→ Source material
____________

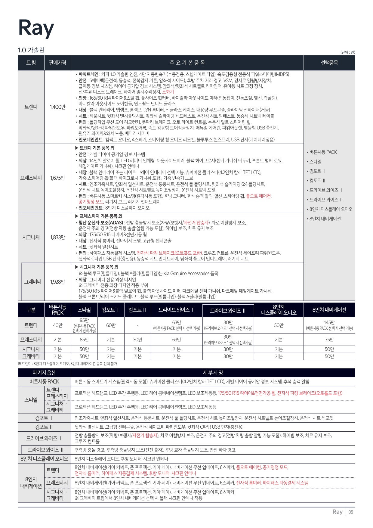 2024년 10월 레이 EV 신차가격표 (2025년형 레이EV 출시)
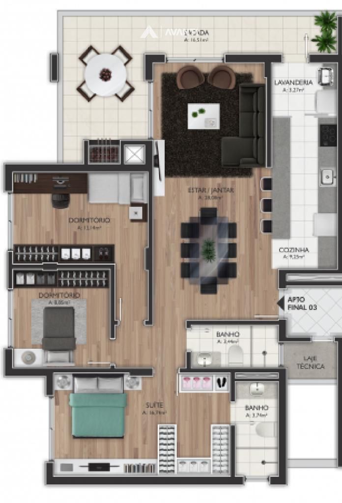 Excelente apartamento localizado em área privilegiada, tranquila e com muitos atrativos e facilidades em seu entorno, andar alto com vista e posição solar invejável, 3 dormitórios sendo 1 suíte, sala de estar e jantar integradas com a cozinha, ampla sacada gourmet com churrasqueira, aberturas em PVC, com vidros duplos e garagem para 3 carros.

____________

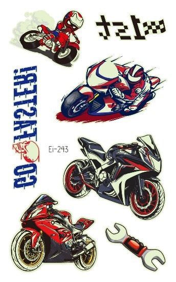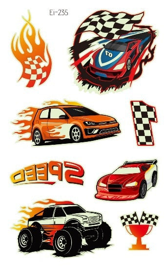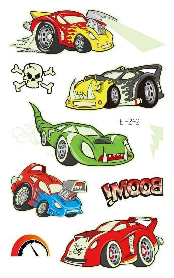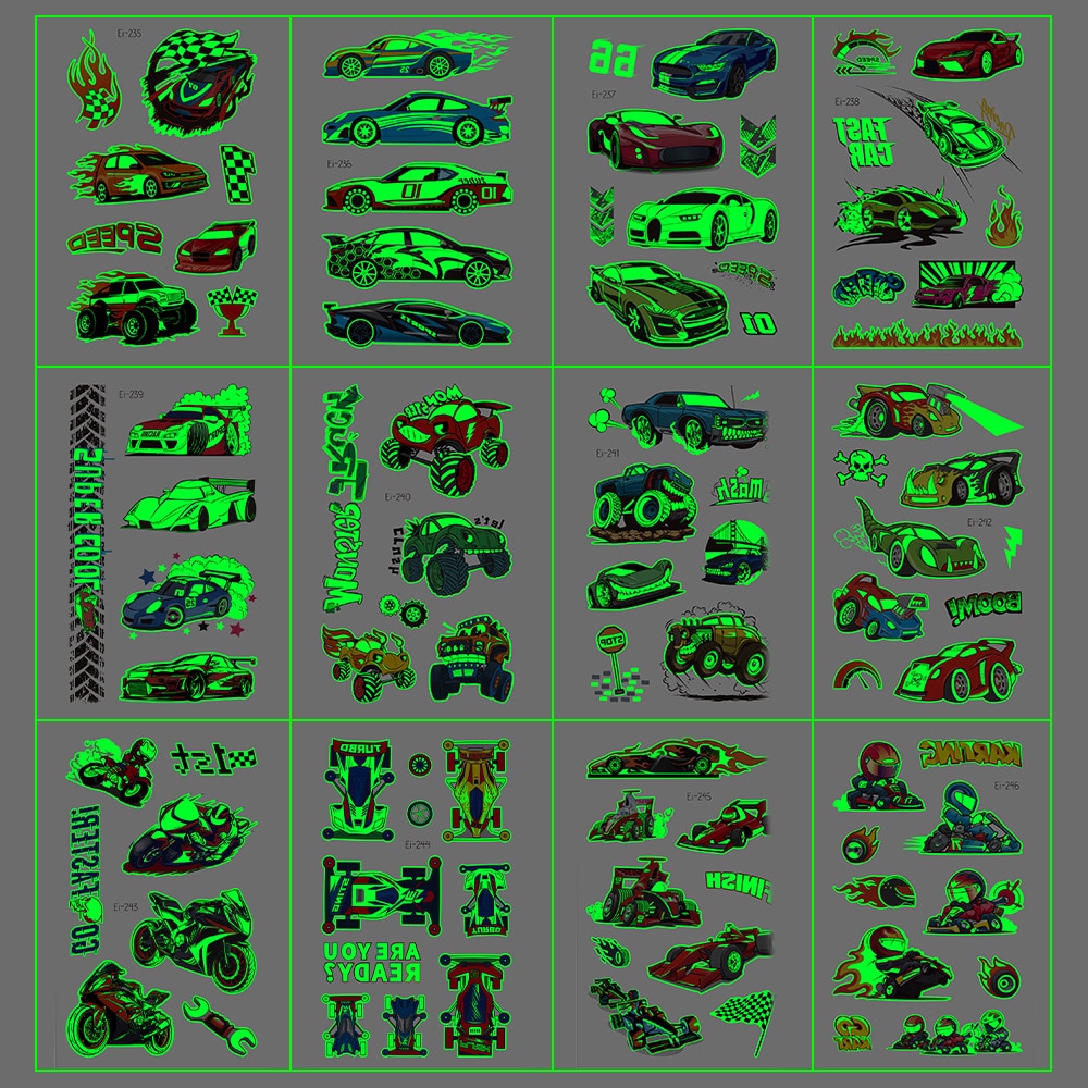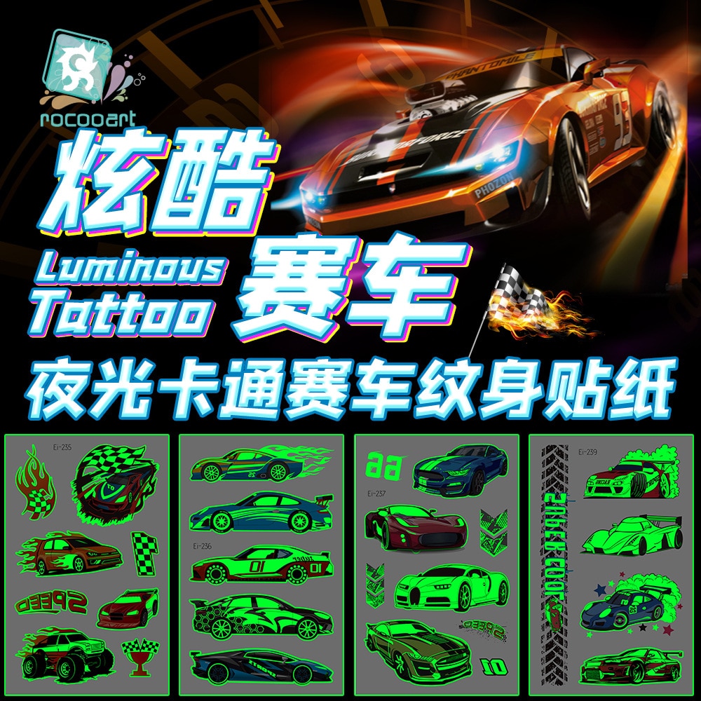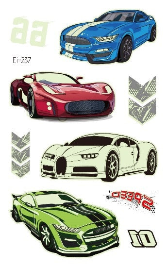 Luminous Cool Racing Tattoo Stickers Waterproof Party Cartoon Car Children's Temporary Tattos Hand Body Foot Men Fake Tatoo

____________

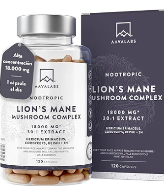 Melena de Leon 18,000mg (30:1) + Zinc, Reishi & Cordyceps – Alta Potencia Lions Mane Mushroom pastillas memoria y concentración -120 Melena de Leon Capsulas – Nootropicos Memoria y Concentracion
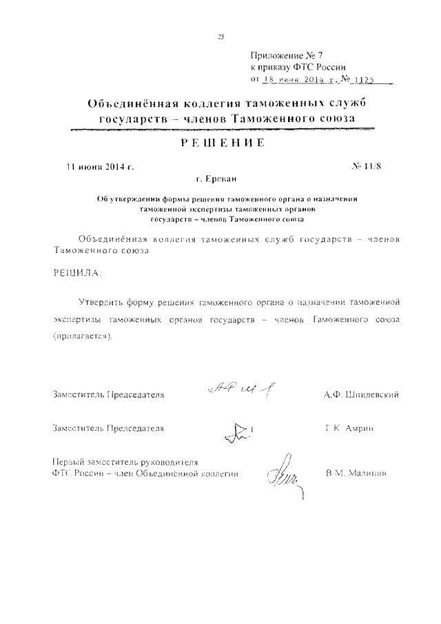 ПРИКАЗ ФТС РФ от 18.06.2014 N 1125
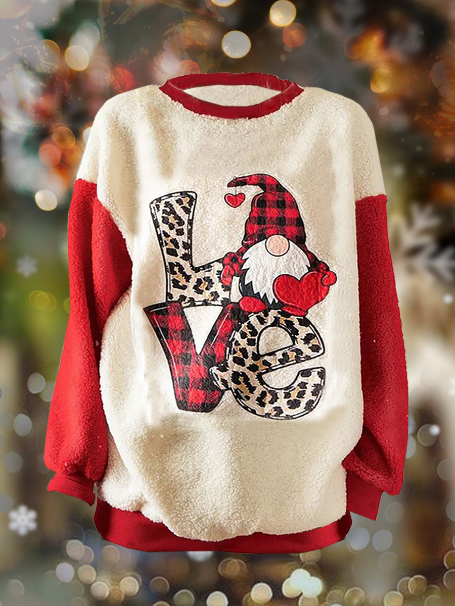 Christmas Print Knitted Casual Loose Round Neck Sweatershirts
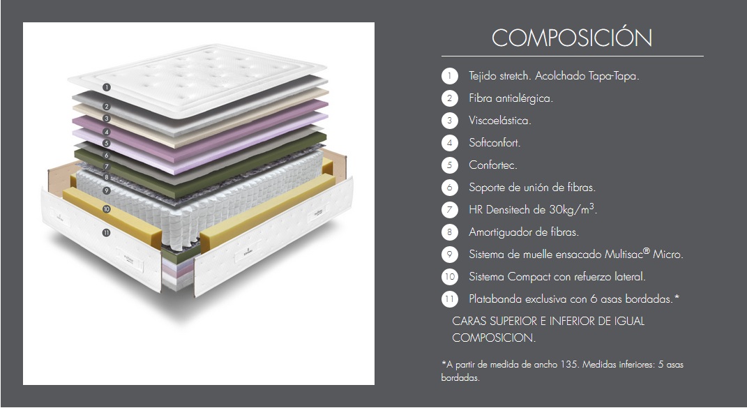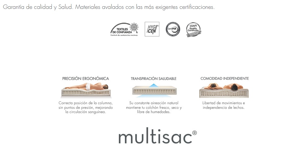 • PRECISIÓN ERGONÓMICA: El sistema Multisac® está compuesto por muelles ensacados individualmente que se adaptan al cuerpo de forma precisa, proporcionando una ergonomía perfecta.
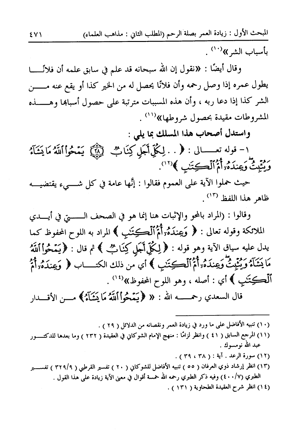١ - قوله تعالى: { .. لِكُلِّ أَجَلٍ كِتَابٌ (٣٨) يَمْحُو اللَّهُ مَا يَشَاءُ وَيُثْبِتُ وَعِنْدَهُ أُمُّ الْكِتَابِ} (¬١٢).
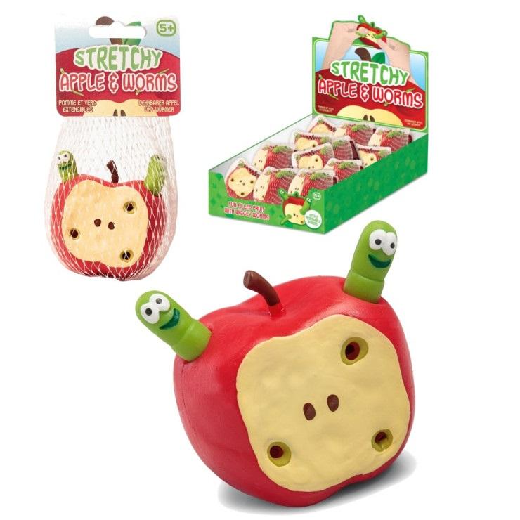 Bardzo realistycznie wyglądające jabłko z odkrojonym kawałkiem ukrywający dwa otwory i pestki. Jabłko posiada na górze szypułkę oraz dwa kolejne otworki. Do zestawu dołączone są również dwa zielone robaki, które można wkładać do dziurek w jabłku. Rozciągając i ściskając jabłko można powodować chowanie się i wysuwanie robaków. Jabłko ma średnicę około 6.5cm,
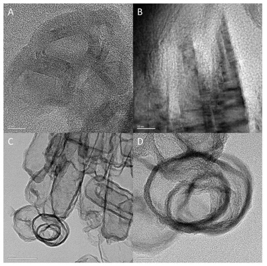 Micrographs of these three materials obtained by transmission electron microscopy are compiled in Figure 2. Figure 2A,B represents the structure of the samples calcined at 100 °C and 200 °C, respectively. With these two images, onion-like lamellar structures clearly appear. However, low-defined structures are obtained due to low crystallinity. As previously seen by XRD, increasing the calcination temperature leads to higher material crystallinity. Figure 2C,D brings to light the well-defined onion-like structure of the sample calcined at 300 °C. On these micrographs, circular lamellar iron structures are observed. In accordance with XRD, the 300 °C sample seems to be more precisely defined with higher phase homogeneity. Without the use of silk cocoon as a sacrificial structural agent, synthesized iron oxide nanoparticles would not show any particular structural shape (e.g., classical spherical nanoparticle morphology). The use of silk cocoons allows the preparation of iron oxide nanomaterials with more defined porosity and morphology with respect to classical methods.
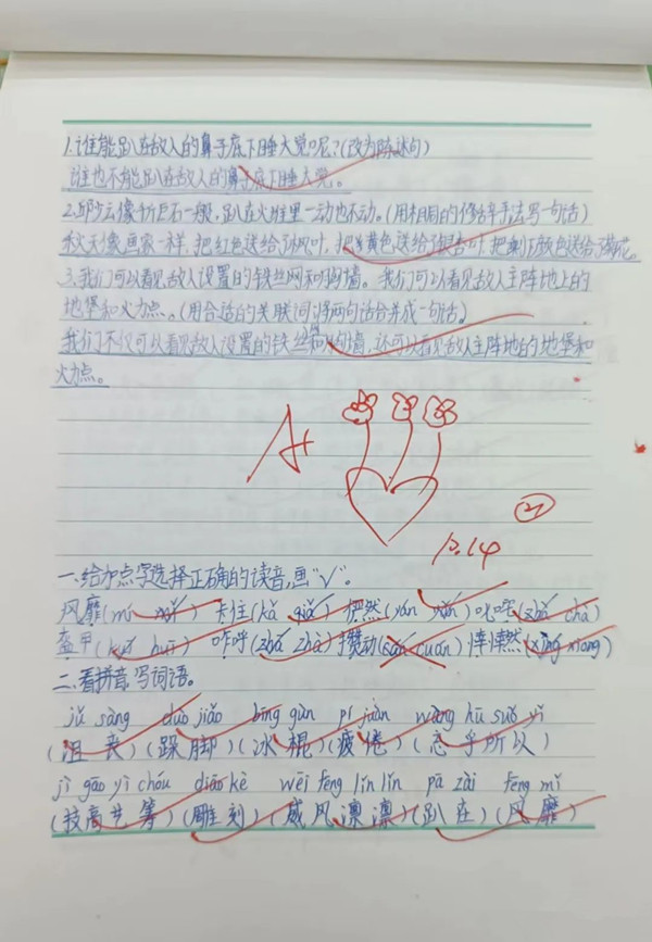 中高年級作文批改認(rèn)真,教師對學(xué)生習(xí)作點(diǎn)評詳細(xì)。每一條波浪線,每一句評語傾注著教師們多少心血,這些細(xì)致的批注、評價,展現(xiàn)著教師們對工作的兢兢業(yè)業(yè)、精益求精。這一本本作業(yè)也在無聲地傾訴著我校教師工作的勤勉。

____________

→ How to complete this task
Both the line above containing "2024년 10월 레이 EV 신차가격표 (2025년형 레이EV 출시)" and the line containing "Excelente apartamento localizado" belong in the copy, along with every line between them; print these exactly and omit the pictures.

→ Exercise result
 2024년 10월 레이 EV 신차가격표 (2025년형 레이EV 출시)
 Excelente apartamento localizado em área privilegiada, tranquila e com muitos atrativos e facilidades em seu entorno, andar alto com vista e posição solar invejável, 3 dormitórios sendo 1 suíte, sala de estar e jantar integradas com a cozinha, ampla sacada gourmet com churrasqueira, aberturas em PVC, com vidros duplos e garagem para 3 carros.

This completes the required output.